Next, we rename the columns to make them more descriptive: ‘Vol_decline’ for -1.0, ‘Vol_unchanged’ for 0.0, and ‘Vol_advance’ for 1.0.
ad_volume_df = ad_volume_df.rename(columns={-1.0:'Vol_decline',0.0:'Vol_unchanged',1.0:'Vol_advance'})
ad_volume_df
sign | Vol_decline | Vol_unchanged | Vol_advance |
---|---|---|---|
Date | |||
2020-09-01 | 1.107695e+10 | NaN | 1.356994e+10 |
2020-09-02 | 4.001688e+09 | 3.183170e+09 | 1.555938e+10 |
2020-09-03 | 1.076820e+10 | 3.479676e+09 | 8.592459e+09 |
2020-09-08 | 1.692928e+10 | 3.530786e+09 | 1.023250e+09 |
2020-09-09 | 1.138479e+10 | 3.760937e+09 | 8.628323e+09 |
… | … | … | … |
2022-08-25 | 3.004589e+09 | 6.668940e+09 | 3.409971e+10 |
2022-08-26 | 1.934971e+10 | 1.113192e+10 | 1.073419e+10 |
2022-08-29 | 3.348454e+10 | 1.236594e+09 | 8.556465e+09 |
2022-08-30 | 2.793406e+09 | 9.138420e+09 | 2.835648e+10 |
2022-08-31 | 3.778302e+10 | 3.289448e+09 | 2.491144e+10 |
480 rows × 3 columns
We then calculate the ‘net_ad_volume’ by subtracting the declining volume from the advancing volume and add a new column ‘AD_Volume_line’, which is the cumulative sum of the ‘net_ad_volume’ column. Finally, we reset the index of the DataFrame.

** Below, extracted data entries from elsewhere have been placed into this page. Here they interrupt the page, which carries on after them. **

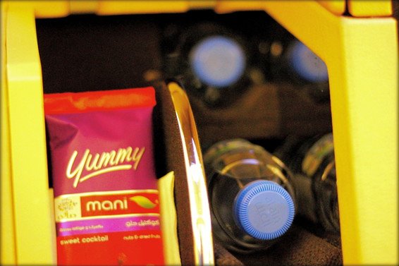 The suite features a little 'mini-bar' stocked with water and snacks (à la Emirates).
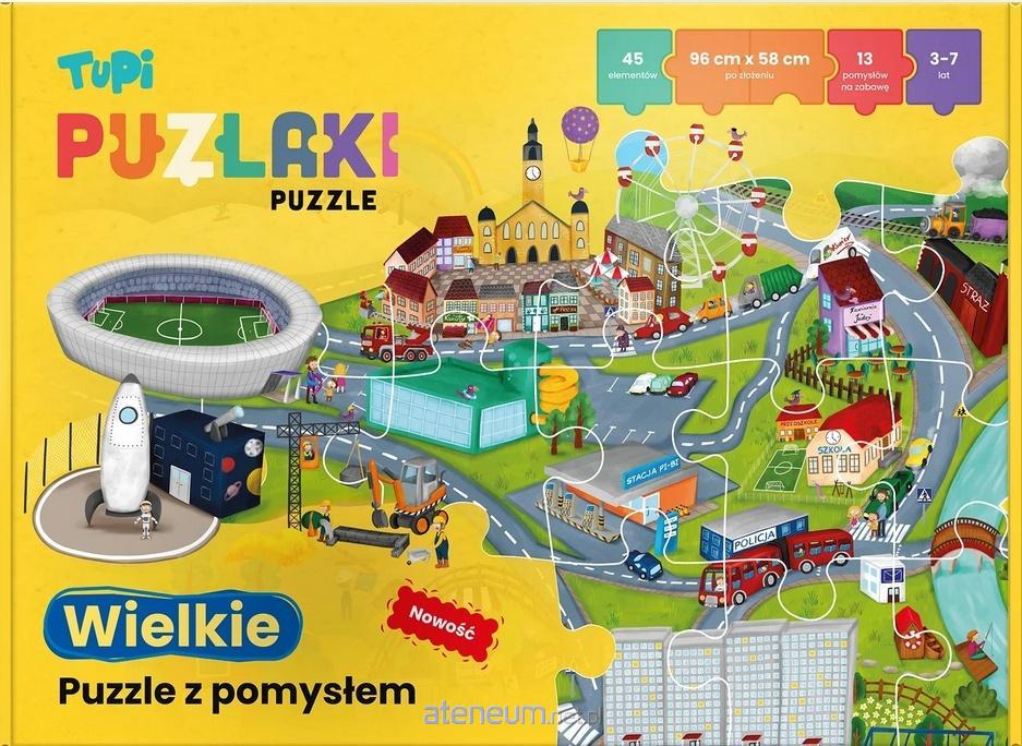 Kraina Relacji PUZLAKI Wielkie Puzzle dla dzieci - duże puzzle z pomysłem | To nie są zwykłe puzzle prawdziwa zabawa zaczyna się po ich ułożeniu, dzięki dodatkowym scenariuszom aktywności | Bardzo duża układanka: 96 x58 cm po złożeniu | 45 dużych elementów z grubej tektury | 13 dodatkowych scenariuszy zabaw | Autorska ilustracja pełna szczegółów | Optymalna trudność zapewniająca dłuższą i angażującą zabawę | Wspiera spostrzegawczość i uczy cierpliwości | Trening dla mózgu i rąk | Pomysł na rozwijający prezent do wspólnej zabawy także dla dorosłych | Rozwija: logiczne myślenie, koncentrację, odkrywanie powiązań, odpoczynek od bodźców, budowanie bliskości, spostrzegawczość | Układanie puzzli to świetny sposób na spokojną i wartościową zabawę, która angażuje i wycisza | Opinia ekspertki: Układanie puzzli stymuluje rozwój mózgu, wspiera pamięć wzrokową, koncentrację i rozwiązywanie problemów oraz rozwija motorykę małą. To wartościowa aktywność dla dzieci i wsparcie dla rodziców oraz specjalistów.
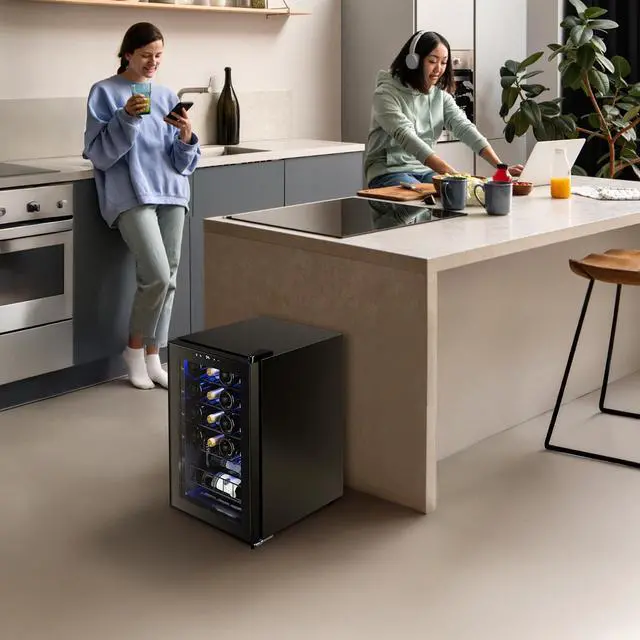 Designed to fit seamlessly into any space, the Yeego wine cooler measures 17 inches wide, 18.9 inches deep, and 25.4 inches high. The elegant glass door, paired with soft blue LED interior lighting, enhances the display of your wine collection while creating a modern, inviting atmosphere.
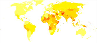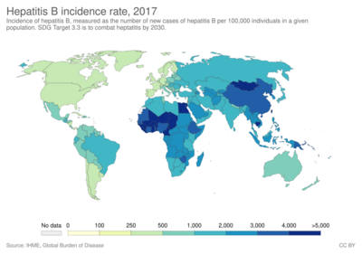 An estimated 296 million people, or 3.8% of the global population, had chronic hepatitis B infections as of 2019. Another 1.5 million developed acute infections that year, and 820,000 deaths occurred as a result of HBV.[1] Cirrhosis and liver cancer are responsible for most HBV-related deaths.[18] The disease is most prevalent in Africa (affecting 7.5% of the continent's population) and in the Western Pacific region (5.9%).[19] Infection rates are 1.5% in Europe and 0.5% in the Americas.[19] According to some estimates, about a third of the world's population has been infected with hepatitis B at one point in their lives.[18] Hepatitis B was originally known as "serum hepatitis".[20]

ad_volume_df['net_ad_volume'] = ad_volume_df['Vol_advance']- ad_volume_df['Vol_decline']
ad_volume_df['AD_Volume_line']=ad_volume_df['net_ad_volume'].cumsum()
ad_volume_df=ad_volume_df.reset_index()
ad_volume_df
sign | Date | Vol_decline | Vol_unchanged | Vol_advance | net_ad_volume | AD_Volume_line |
---|---|---|---|---|---|---|
0 | 2020-09-01 | 1.107695e+10 | NaN | 1.356994e+10 | 2.492986e+09 | 2.492986e+09 |
1 | 2020-09-02 | 4.001688e+09 | 3.183170e+09 | 1.555938e+10 | 1.155769e+10 | 1.405068e+10 |
2 | 2020-09-03 | 1.076820e+10 | 3.479676e+09 | 8.592459e+09 | -2.175740e+09 | 1.187494e+10 |
3 | 2020-09-08 | 1.692928e+10 | 3.530786e+09 | 1.023250e+09 | -1.590603e+10 | -4.031094e+09 |
4 | 2020-09-09 | 1.138479e+10 | 3.760937e+09 | 8.628323e+09 | -2.756465e+09 | -6.787559e+09 |
… | … | … | … | … | … | … |
475 | 2022-08-25 | 3.004589e+09 | 6.668940e+09 | 3.409971e+10 | 3.109512e+10 | 9.671174e+11 |
476 | 2022-08-26 | 1.934971e+10 | 1.113192e+10 | 1.073419e+10 | -8.615519e+09 | 9.585018e+11 |
477 | 2022-08-29 | 3.348454e+10 | 1.236594e+09 | 8.556465e+09 | -2.492807e+10 | 9.335738e+11 |
478 | 2022-08-30 | 2.793406e+09 | 9.138420e+09 | 2.835648e+10 | 2.556308e+10 | 9.591368e+11 |
479 | 2022-08-31 | 3.778302e+10 | 3.289448e+09 | 2.491144e+10 | -1.287158e+10 | 9.462653e+11 |
480 rows × 6 columns
Now, we create a bar chart using the Plotly library to visualize the Net Advance Volume over time.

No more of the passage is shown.